Le tableau n°30 ter concerne désormais tous les travailleurs exposés à l’amiante. « Avant cela, je n’avais jamais imaginé un lien entre ma maladie et mon travail », souffle la concernée. « Quand j’en ai pris conscience, j’ai contacté le syndicat. »

Nettoyage à la balayette

Paola B. a travaillé durant 31 ans comme ouvrière. D’abord aux faïenceries de Sarreguemines entre 1976 et 1982 puis chez France Ceram, fabricant de carrelage sur le technopôle de Forbach jusqu’en 2007. « Mon travail consistait surtout au nettoyage des fours industriels, ces immenses fours où les céramiques étaient cuites à 1200°C », décrit-elle. « On devait balayer les déchets au sol après les opérations d’entretien et de maintenance des machines, à l’aide de balayettes et de soufflettes alimentaires. Il s’agissait de poussières très volatiles que l’on respirait sans protection. Nous ne portions pas de masques. C’était quasi quotidien. »

Les poussières inhalées contiennent de l’amiante, utilisé dans les matériaux d’isolation des fours. « La poussière était constamment présente dans les ateliers, elle se déposait sur les machines, les sols et tous les objets. » Une collègue de Paola, contactée par la CDFT pour monter le dossier, témoigne : « Nous rentrions pleines de poussière chez nous, même nos sous-vêtements en étaient pleins.
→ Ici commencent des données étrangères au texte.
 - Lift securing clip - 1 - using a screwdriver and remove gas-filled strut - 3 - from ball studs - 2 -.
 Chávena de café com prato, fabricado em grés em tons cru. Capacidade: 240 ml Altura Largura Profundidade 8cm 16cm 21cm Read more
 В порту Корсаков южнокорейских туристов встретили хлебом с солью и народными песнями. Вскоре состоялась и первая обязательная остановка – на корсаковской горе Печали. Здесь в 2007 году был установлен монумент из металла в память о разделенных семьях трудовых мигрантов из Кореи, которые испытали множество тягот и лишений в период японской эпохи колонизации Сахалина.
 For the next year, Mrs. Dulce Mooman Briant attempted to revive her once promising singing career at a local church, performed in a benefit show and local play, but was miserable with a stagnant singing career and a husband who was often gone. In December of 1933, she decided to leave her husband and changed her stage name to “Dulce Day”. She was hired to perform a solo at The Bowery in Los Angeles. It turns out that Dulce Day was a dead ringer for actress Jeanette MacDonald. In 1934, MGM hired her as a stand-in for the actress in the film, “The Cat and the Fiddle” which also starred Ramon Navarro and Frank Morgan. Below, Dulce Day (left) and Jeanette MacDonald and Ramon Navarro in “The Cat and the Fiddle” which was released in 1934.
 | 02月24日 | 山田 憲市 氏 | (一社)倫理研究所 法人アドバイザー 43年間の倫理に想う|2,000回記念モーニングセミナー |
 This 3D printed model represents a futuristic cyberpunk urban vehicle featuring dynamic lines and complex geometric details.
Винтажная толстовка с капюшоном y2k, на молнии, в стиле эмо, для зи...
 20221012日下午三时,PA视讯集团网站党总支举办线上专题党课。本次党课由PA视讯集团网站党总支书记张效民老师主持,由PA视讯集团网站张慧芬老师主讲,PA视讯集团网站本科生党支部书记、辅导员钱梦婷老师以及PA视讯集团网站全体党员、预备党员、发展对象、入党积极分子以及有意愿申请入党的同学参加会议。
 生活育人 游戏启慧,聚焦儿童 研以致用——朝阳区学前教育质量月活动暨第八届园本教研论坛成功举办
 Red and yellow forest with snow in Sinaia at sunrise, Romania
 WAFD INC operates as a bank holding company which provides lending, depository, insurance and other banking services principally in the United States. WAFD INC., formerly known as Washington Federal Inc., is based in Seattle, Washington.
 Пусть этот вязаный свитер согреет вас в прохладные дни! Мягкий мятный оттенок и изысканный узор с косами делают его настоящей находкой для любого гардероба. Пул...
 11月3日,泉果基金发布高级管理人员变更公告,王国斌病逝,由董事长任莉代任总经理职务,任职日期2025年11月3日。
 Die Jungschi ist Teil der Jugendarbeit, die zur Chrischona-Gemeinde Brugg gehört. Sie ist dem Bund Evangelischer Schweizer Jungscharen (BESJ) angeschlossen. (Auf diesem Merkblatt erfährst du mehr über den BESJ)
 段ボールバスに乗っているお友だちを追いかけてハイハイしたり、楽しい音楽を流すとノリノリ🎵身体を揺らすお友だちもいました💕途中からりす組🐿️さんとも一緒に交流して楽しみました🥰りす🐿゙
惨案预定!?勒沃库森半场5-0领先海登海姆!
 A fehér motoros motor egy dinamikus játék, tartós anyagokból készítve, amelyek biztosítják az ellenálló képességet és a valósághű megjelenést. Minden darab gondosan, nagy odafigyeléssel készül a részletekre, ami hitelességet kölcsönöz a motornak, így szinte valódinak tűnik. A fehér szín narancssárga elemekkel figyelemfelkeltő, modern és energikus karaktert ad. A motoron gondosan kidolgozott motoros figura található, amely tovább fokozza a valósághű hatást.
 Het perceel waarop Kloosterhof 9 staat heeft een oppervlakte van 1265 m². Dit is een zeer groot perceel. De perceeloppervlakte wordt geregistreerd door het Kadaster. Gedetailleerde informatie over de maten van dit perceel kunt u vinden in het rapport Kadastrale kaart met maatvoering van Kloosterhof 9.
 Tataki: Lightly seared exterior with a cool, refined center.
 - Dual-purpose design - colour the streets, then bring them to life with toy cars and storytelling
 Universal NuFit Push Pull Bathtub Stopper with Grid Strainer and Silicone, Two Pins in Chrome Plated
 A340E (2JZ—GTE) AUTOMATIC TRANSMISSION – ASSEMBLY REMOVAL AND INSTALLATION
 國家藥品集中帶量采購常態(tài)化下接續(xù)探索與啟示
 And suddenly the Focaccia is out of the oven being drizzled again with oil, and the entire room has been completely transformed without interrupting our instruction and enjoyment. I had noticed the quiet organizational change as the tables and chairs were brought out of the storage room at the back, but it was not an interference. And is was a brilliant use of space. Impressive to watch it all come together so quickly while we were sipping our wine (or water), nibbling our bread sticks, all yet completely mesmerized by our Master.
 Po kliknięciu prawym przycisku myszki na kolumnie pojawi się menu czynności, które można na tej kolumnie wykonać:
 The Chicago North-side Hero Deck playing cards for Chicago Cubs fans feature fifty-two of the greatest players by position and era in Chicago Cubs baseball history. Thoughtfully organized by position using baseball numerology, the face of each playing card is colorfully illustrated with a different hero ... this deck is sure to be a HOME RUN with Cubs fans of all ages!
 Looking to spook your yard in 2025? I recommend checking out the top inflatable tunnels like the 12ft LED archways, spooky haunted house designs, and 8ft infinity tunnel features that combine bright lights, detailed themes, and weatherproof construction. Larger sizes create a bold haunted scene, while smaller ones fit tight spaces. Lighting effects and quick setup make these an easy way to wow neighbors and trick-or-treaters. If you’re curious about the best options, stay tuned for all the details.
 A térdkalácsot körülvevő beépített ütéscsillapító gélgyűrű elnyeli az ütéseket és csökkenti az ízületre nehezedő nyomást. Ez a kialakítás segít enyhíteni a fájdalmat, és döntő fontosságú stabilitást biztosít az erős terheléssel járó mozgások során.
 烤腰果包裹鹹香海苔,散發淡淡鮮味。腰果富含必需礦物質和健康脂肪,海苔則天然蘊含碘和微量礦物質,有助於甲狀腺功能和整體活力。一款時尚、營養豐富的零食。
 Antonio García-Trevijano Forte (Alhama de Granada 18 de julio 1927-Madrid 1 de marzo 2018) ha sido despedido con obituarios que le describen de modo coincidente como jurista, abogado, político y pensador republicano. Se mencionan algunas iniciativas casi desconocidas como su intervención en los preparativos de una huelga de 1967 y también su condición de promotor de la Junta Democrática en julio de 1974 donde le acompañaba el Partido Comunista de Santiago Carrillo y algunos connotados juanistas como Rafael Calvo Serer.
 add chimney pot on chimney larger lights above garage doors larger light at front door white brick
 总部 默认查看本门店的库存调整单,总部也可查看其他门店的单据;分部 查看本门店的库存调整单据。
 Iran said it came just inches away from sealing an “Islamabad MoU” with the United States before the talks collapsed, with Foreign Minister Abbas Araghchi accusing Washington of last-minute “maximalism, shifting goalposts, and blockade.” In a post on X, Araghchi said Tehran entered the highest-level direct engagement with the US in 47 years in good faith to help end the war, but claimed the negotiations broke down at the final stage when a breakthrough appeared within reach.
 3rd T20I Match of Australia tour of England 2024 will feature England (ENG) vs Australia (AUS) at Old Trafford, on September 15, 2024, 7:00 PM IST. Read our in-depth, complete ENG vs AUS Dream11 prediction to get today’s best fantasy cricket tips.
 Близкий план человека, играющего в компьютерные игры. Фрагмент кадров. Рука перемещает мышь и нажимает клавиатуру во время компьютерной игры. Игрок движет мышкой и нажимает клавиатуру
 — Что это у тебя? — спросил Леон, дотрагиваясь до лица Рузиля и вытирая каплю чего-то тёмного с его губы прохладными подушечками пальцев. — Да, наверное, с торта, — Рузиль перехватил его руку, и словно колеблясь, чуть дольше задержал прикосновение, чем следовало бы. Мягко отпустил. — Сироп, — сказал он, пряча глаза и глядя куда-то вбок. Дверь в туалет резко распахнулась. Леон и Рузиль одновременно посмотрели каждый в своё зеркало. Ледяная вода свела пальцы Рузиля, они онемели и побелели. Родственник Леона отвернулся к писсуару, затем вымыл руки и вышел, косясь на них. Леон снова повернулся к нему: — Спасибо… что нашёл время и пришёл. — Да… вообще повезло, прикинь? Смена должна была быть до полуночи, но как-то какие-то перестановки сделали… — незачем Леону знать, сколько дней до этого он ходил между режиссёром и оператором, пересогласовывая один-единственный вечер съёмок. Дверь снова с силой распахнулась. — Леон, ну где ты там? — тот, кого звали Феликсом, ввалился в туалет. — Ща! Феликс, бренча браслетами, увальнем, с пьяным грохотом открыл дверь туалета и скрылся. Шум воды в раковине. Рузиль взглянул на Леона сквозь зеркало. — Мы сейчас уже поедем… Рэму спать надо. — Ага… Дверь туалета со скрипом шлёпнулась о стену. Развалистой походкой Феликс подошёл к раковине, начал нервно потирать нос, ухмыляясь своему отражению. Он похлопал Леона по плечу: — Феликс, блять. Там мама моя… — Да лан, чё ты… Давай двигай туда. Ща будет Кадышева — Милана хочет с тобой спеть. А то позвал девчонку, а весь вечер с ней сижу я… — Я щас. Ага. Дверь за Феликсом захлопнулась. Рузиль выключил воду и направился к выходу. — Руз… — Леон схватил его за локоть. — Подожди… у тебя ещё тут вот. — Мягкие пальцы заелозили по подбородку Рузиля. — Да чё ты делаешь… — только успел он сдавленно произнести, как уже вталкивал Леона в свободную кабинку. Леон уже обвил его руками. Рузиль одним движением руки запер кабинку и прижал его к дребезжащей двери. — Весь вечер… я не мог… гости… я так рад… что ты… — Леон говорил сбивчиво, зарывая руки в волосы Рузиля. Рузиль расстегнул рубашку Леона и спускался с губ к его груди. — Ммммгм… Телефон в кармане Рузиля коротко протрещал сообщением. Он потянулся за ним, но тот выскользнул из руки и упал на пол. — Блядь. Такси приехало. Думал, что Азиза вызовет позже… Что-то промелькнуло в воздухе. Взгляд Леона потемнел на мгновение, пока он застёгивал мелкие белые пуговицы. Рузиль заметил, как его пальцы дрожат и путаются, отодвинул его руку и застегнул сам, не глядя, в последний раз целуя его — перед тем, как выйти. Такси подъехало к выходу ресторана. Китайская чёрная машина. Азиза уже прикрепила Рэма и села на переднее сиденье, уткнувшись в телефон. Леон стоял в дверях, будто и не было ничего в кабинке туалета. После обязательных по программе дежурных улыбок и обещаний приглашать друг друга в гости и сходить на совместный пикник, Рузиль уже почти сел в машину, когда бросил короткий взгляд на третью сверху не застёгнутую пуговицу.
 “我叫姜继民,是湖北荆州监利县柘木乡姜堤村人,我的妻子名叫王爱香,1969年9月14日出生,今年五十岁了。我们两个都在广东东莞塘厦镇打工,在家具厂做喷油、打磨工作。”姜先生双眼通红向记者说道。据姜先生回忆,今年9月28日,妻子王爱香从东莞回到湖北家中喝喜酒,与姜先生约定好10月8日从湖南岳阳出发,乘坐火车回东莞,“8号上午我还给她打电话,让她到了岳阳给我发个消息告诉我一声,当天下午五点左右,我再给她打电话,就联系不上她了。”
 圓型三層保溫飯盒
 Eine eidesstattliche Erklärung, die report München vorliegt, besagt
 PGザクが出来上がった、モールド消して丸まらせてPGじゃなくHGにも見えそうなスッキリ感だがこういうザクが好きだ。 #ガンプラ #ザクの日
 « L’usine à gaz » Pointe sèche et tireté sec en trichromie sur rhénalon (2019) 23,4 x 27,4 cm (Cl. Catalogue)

À midi, nous mangions au service de tri. À peine posée sur la table, nos aliments en étaient recouverts. »

Utilisation massive d’amiante

« Dans les années soixante-dix, l’utilisation de l’amiante dans le secteur des terres et pierres à feux était massive », note Brigitte Clément. À partir de 1977, un décret impose un usage contrôlé de l’amiante. En 1996, elle est carrément interdite. Dans les usines, les installations sont changées progressivement. Chez France Ceram, les travailleurs, maçons fumistes, mécaniciens, équipes de nettoyage, y seront exposés jusqu’au début des années 2000.

« Aujourd’hui, j’aimerais que mon témoignage puisse servir à d’autres femmes qui ont travaillé dans les mêmes conditions et développé un cancer des ovaires », appuie Paola B. « Au-delà de l’indemnisation reçue, c’est important de comprendre pourquoi cette maladie nous est tombée dessus. Il est essentiel de se manifester. »

* Par souci d’anonymat, le prénom a été modifié.